Here, FIG. 3 illustrates a single color system using a single plate type AMA. According to another preferred embodiment of the present invention, a color wheel composed of a series of color fragments of red, green, and blue transmission filters The present invention can be applied to a single-plate color system capable of displaying red, green, and blue images by sequentially irradiating red, green, and blue lights to a single panel AMA using a color wheel.

Further, according to another preferred embodiment of the present invention, the present invention can be applied to a multi-plate color system using a three panel AMA.

As described above, the present invention increases the focal length of the field lens to 1 or more by increasing the focal length of the field lens so that the distance S 'between the field lens and the source stop is larger than the distance S between the field lens and the projection stop.

Accordingly, the size of the AMA optical system can be reduced to the same size as the conventional one while the size of the projection stop can be reduced to reduce the amount of ghost light, or the size of the source stop can be increased to increase the power of the lamp. Further, since the optical path length from the source portion to the field lens is increased as compared with the conventional optical system, it is possible to secure a sufficient space for installing the source portion while ensuring a sufficient optical path.
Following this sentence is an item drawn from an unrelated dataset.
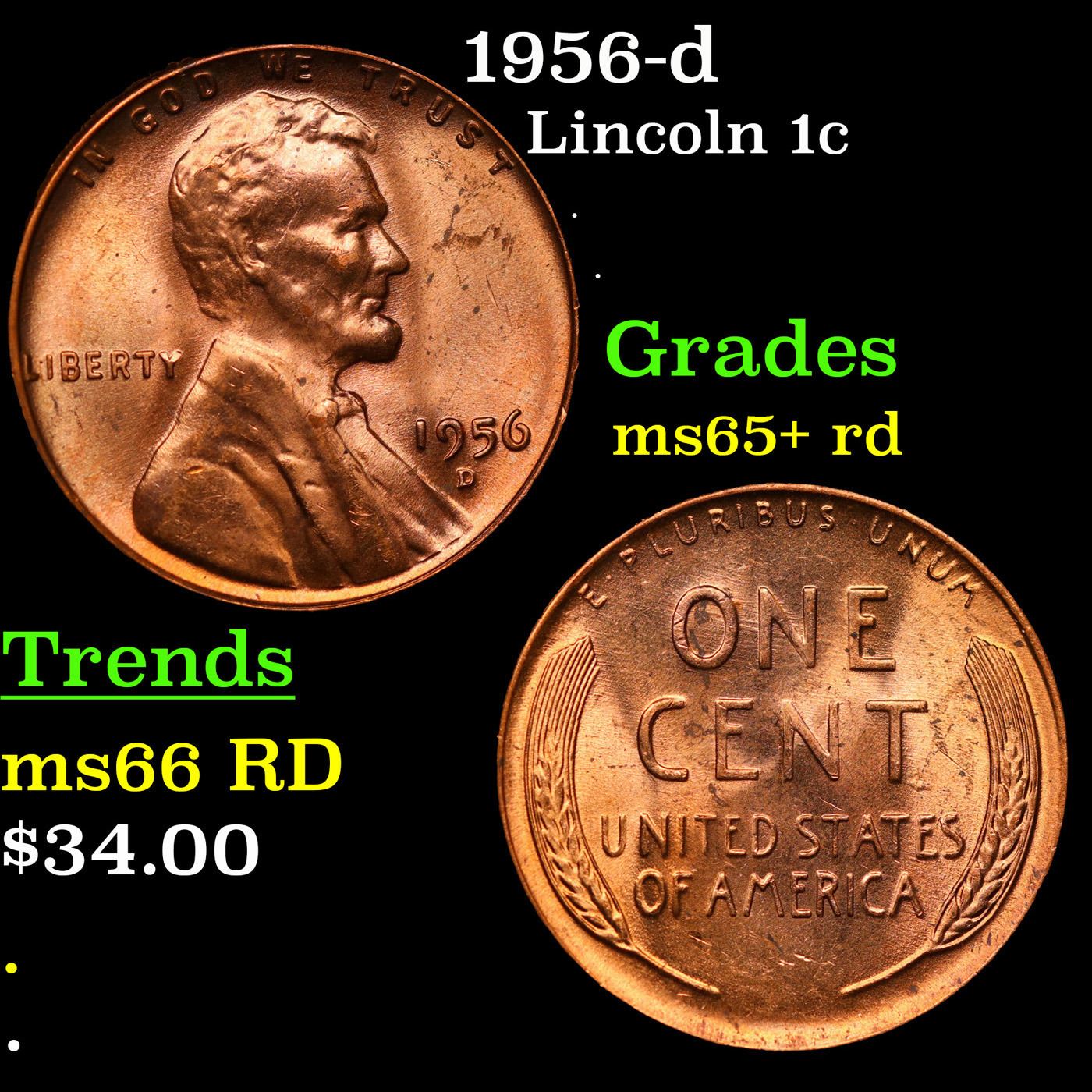 1956-d Lincoln Cent 1c Grades Gem+ Unc RD.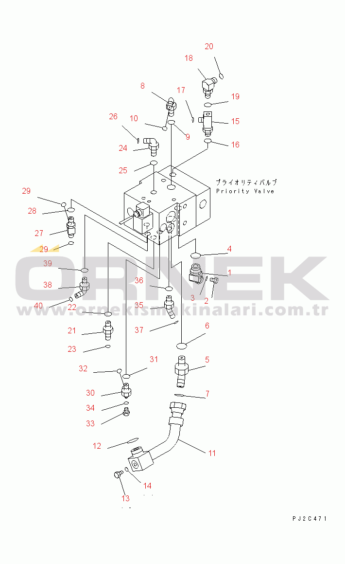 HYDRAULIC PIPING (CONNECTOR¤ FOR PRIORITY VALVE¤ 1/2)(#51001-)

It will be apparent to those skilled in the art that various modifications and variations can be made in the present invention without departing from the spirit or scope of the present invention as defined by the following claims It can be understood that

Claims (4)

A light source 111 for generating a light beam; (AMA) panel < RTI ID = 0.0 > (AMA) < / RTI > panel (118); A source stop (113) having an opening, the source stop (113) determining the amount of light irradiated to the active mirror array panel; A field lens (116) for irradiating the actuated mirror array panel with parallel rays of light passing through the source stop; And And a projection stop (120) for focusing the flux of light reflected from each mirror of the active mirror array panel, The focal length F 'of the field lens 116 is determined so that the distance S' between the field lens 116 and the source stop 113 is greater than the distance S between the field lens 116 and the projection stop 120 Optical system. The optical system according to claim 1, wherein the field lens (116) has a magnification of at least one. The optical system according to claim 1, wherein the size of the source stop (113) is larger than the size of the projection stop (120). The optical system according to claim 1, further comprising a projection lens (122) for projecting a light ray passing through an opening of the projection stop (120) onto a screen.